87. The Court has found a violation of the procedural aspect of Article 2 of the Convention on account of failure to carry out an effective and adequate investigation. The Court accepts that they have suffered non-pecuniary damage which cannot be compensated for solely by the findings of violations. It awards the applicants jointly EUR 8,000, plus any tax that may be chargeable thereon.
C. Costs and expenses
88. The applicants were represented by the SRJI. They submitted an itemised schedule of costs and expenses. Their aggregate claim in respect of costs and expenses related to legal representation amounted to EUR 4,943.
89. The Government disputed the reasonableness of and justification for the amounts claimed under this heading.

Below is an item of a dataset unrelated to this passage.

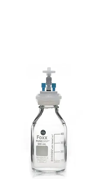ChromCap™ 300 HPLC Solvent Reservoir System with VersaCap® GL45 and 500 mL Clr. Glass Reagent Bottle, Class VI PTFE Adapter & Safety Air Inlet Valve, Two (2x) Ports- OD Tubing 3.2mm (1/8″) or 1.6 mm (1/16″), 1/EA

They questioned, in particular, whether all the lawyers working for the SRJI had been involved in the present case and whether it had been necessary for the applicants to rely on courier mail.
90. The Court has to establish first whether the costs and expenses indicated by the applicants’ relative were actually incurred and second whether they were necessary (see McCann and Others v. the United Kingdom, 27 September 1995, § 220, Series A no. 324).
91. Having regard to the details of the information and legal representation contracts submitted by the applicants, the Court is satisfied that these rates are reasonable and reflect the costs actually incurred by the applicants’ representatives (see Akhiyadova v. Russia, no. 32059/02, § 121, 3 July 2008)
92. Further, it has to be established whether the costs and expenses incurred for legal representation were necessary. The Court notes that this case was rather complex and required a certain amount of research and preparation. It notes at the same time, that due to the application of Article 29 § 3 in the present case, the applicants’ representatives submitted their observations on admissibility and merits in one set of documents. The Court thus doubts that legal drafting was necessarily time-consuming to the extent claimed by the representatives
93. Having regard to the details of the claims submitted by the applicants, the Court awards them the amount of EUR 3,500, together with any value-added tax that may be chargeable to the applicants, the net award to be paid into the representatives’ bank account in the Netherlands, as identified by the applicants.
D. Default interest
94. The Court considers it appropriate that the default interest should be based on the marginal lending rate of the European Central Bank, to which should be added three percentage points.
FOR THESE REASONS, THE COURT UNANIMOUSLY
1. Decides to join to the merits the Government’s objection as to non-exhaustion of criminal domestic remedies and rejects it;
2. Declares the complaints under Articles 2 and 13 of the Convention admissible and the remainder of the application inadmissible;
3. Holds that there has been a violation of Article 2 of the Convention in respect of the failure to conduct an effective investigation into the circumstances in which Khasan Yusupov disappeared;
4. Holds that no separate issues arise under Article 13 of the Convention in conjunction with Article 2;
(a) that the respondent State is to pay, within three months from the date on which the judgment becomes final in accordance with Article 44 § 2 of the Convention, the following amounts, to be converted into Russian roubles at the date of settlement, save in the case of the payment in respect of costs and expenses:
(i) EUR 8,000 (eight thousand euros), plus any tax that may be chargeable, in respect of non-pecuniary damage to the applicants jointly;
(ii) EUR 3,500 (three thousand five hundred euros), plus any tax that may be chargeable to the applicants, in respect of costs and expenses, to be paid into the representatives’ bank account in the Netherlands;
(b) that from the expiry of the above-mentioned three months until settlement simple interest shall be payable on the above amounts at a rate equal to the marginal lending rate of the European Central Bank during the default period plus three percentage points;
6. Dismisses the remainder of the applicants’ claim for just satisfaction.
Done in English, and notified in writing on 9 July 2009, pursuant to Rule 77 §§ 2 and 3 of the Rules of Court.